Au Kazakhstan, par exemple, le président Kassym-Jomart Tokaïev, lors d’un appel téléphonique avec le président Vladimir Poutine le 24 juin, a qualifié l’incident d’« affaire intérieure » purement russe (Akorda.kz, 24 juin). En d’autres termes, malgré l’envoi de troupes par Poutine au Kazakhstan lorsqu’il a fait face à un soulèvement analogue en janvier 2022, Astana ne voulait pas participer à cette affaire particulière et n’était pas disposée à envoyer des forces pour soutenir Poutine. Après la fin de la mutinerie, Tokayev a déclaré qu’il “soutenait pleinement” les actions de Poutine et a convoqué une session extraordinaire du Conseil de sécurité du Kazakhstan pour enregistrer son inquiétude (Temps d’Astana25 juin).

Pourtant, même avec ces gestes, un exemple plus vrai des véritables préoccupations de Tokayev a eu lieu quelques jours plus tôt lorsqu’il a présidé au changement du nom de la ville de Derzhavinsk (d’après le poète russe Gavril Derzhavin) en Kenesary, le chef du plus grand groupe kazakh. rébellion contre l’empire russe en 1837-1847, un autre exemple de la « kazakhification » constante du pays. Plus tôt cette année, plusieurs autres villages de la région de Karaganda ont également été renommés avec des noms kazakhs (Radio AzattykLe 21 juin).

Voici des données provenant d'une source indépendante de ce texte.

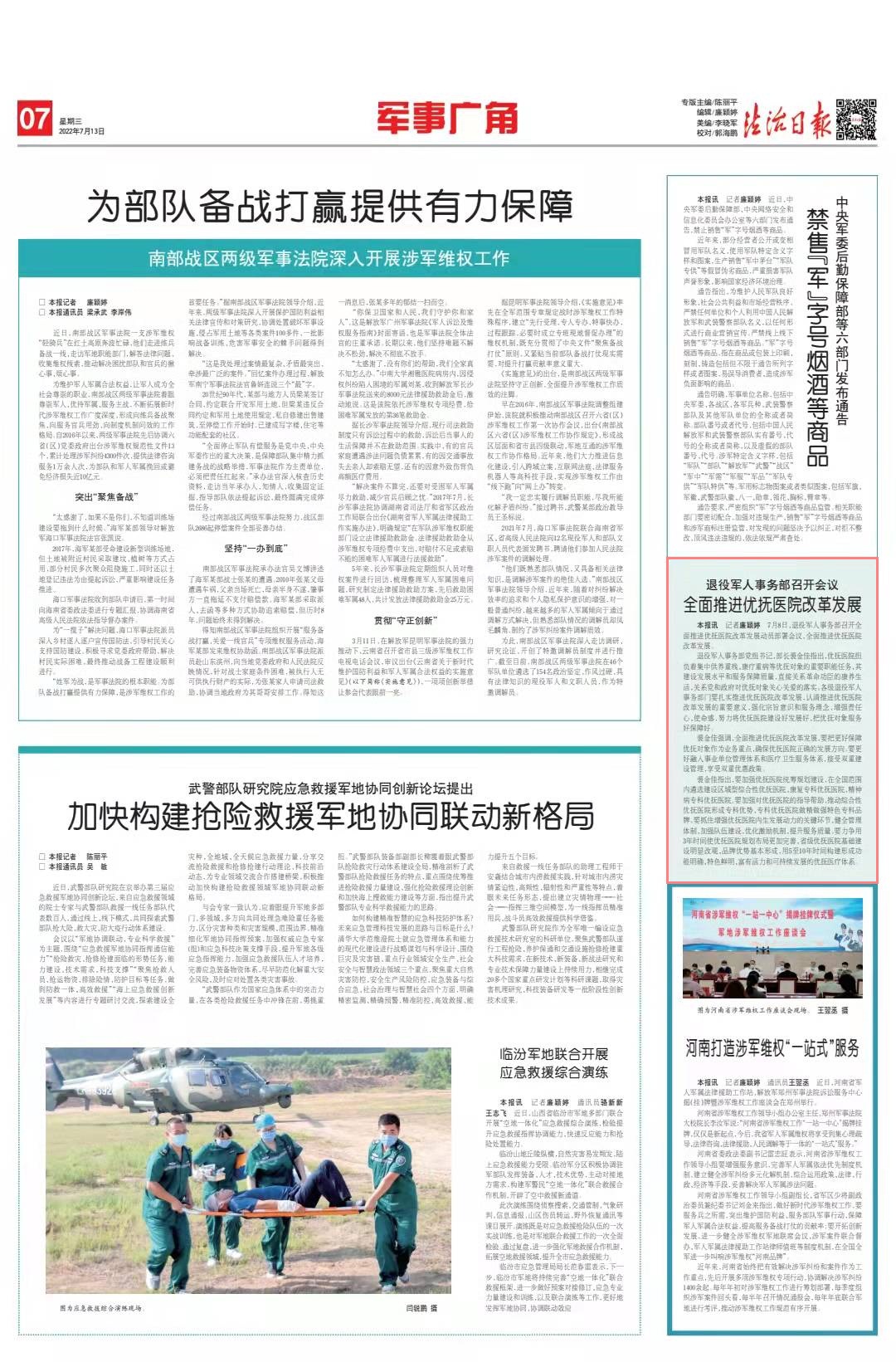 本报讯 记者廉颖婷 7月8日,退役军人事务部召开全面推进优抚医院改革发展动员部署会议,全面推进优抚医院改革发展。

Tokayev a également décidé de restaurer trois districts “abandonnés” et peu peuplés du nord-est du Kazakhstan, le long de la frontière avec la Russie et la Chine, pour contrer la possibilité d’une influence russe ou chinoise accrue à travers ces provinces sous-développées (Kaztag.kz, 17 juin). Ce n’est que le 25 juin – c’est-à-dire après la démission de Prigojine – que Tokaïev a finalement convoqué la réunion du Conseil de sécurité où il a proclamé la Russie partenaire stratégique et a insisté sur le fait qu’il avait “pleinement soutenu” Poutine et s’est félicité de l’accord qui a mis fin à la crise. (Temps d’Astana25 juin).

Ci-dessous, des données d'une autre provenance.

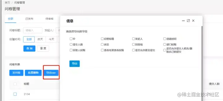 问卷列表增加用户数据导出功能,导出数据支持自定义勾选字段
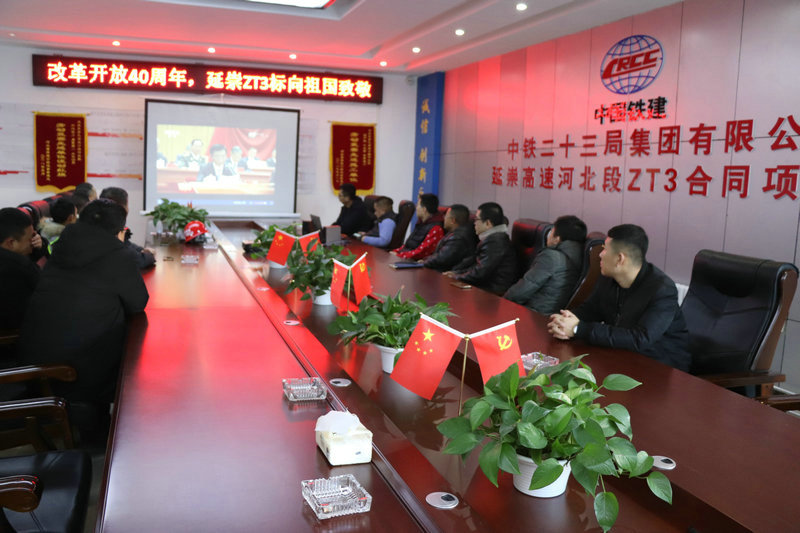 四十年前的今天,以黨的十一屆三中全會(huì)為起點(diǎn),中國(guó)開(kāi)始了偉大的改革開(kāi)放。今天,在人民大會(huì)堂,慶祝改革開(kāi)放四十周年大會(huì)隆重舉行,習(xí)近平總書(shū)記發(fā)表重要講話,回顧改革開(kāi)放四十年的光輝歷程,深刻總結(jié)改革開(kāi)放的寶貴經(jīng)驗(yàn)。12月18日上午十點(diǎn),中鐵二十三局延崇項(xiàng)目部全體職工熱切關(guān)注此次直播,項(xiàng)目部領(lǐng)導(dǎo)班子成員第一時(shí)間帶頭在會(huì)議室通過(guò)多種途徑、多種形式觀看大會(huì)直播盛況。
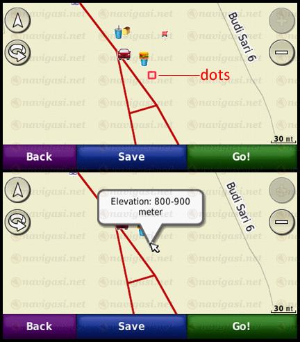 2. Semua icon POI pada peta navnet v1.63 yg baru ini, bila saya sentuh POI tersebut, menyebutkan "Elevation :...", bukan menyebutkan nama POI ybs.
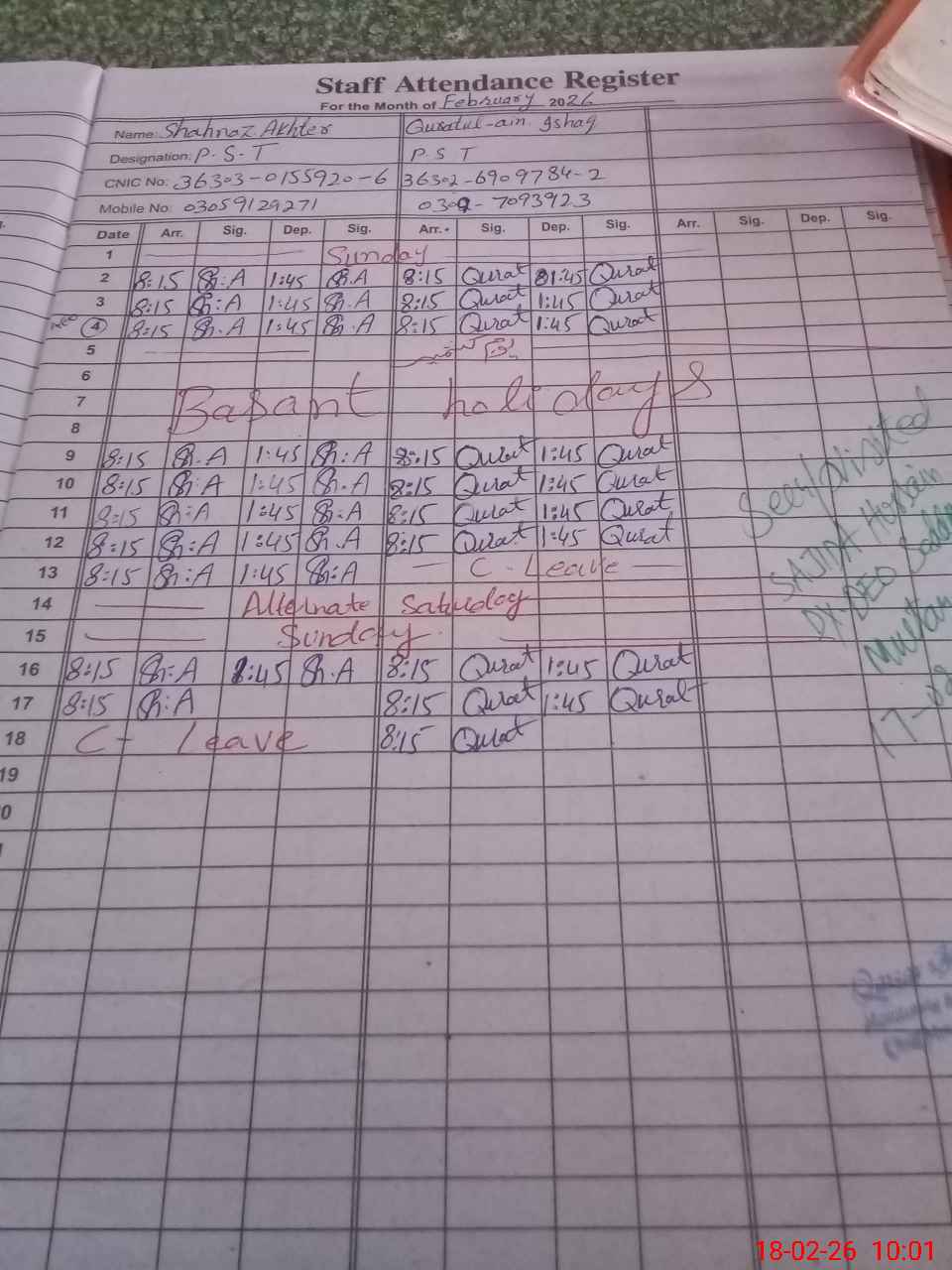 | CNIC | Full Name | Designation | R/C | Absence During Last Calender Month |

De plus, des réactions vives similaires ont eu lieu en Ouzbékistan. Là aussi, Poutine a appelé le 24 juin le président Shavkat Mirziyoyev et a reçu la même réaction, à savoir que cette affaire était « l’affaire intérieure » de la Russie et que Tachkent n’interviendrait pas (Radio Free Europe/Radio Liberté, 27 juin). Il est probable que Poutine ait également recherché le soutien militaire de l’Ouzbékistan pour être repoussé, le ministère de la Défense ouzbek ayant par la suite démenti les rumeurs selon lesquelles Tachkent prévoyait d’envoyer des troupes en Russie. Les responsables de la défense ont également réitéré que la politique de l’Ouzbékistan est fondée sur le principe de non-ingérence dans les pays étrangers (Kun.uz26 juin).

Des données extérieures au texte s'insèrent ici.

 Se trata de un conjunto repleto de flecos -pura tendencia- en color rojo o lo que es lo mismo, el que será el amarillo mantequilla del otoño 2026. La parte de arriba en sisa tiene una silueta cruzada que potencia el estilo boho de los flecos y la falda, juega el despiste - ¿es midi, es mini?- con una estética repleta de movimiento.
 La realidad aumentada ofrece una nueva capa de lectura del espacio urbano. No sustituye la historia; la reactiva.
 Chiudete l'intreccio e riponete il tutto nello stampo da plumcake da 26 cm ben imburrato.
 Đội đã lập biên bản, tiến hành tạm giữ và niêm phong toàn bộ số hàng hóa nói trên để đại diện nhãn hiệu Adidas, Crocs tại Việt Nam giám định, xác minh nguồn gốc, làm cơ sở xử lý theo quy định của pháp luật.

Pire encore, les commentateurs en Ouzbékistan ont profité de cette occasion pour se moquer de Poutine et de son système de gouvernement, ce qui n’est concevable que si le régime avait fermé les yeux ou laissé entendre son soutien. L’analyste politique EG Kamoliddin Rabbinov a publié sur Facebook le 25 juin que le système politique russe “ressemble à celui de certains pays instables du tiers monde – un régime très faible et en train de s’effondrer”. Il a également ignoré les affirmations selon lesquelles tout cela n’était qu’une sorte de complot orchestré, notant qu’aucune puissance mondiale ne jouerait à un jeu révélant que non seulement il est inefficace mais aussi « honteusement faible » (Facebook.com/rabbimov.kamoliddin, 25 juin). Ses remarques n’étaient en aucun cas isolées car d’autres commentateurs décrivaient la Russie comme de plus en plus imprévisible et instable, remettant implicitement en cause sa fiabilité en tant qu’« alliée » (Facebook.com/dosyms25 juin).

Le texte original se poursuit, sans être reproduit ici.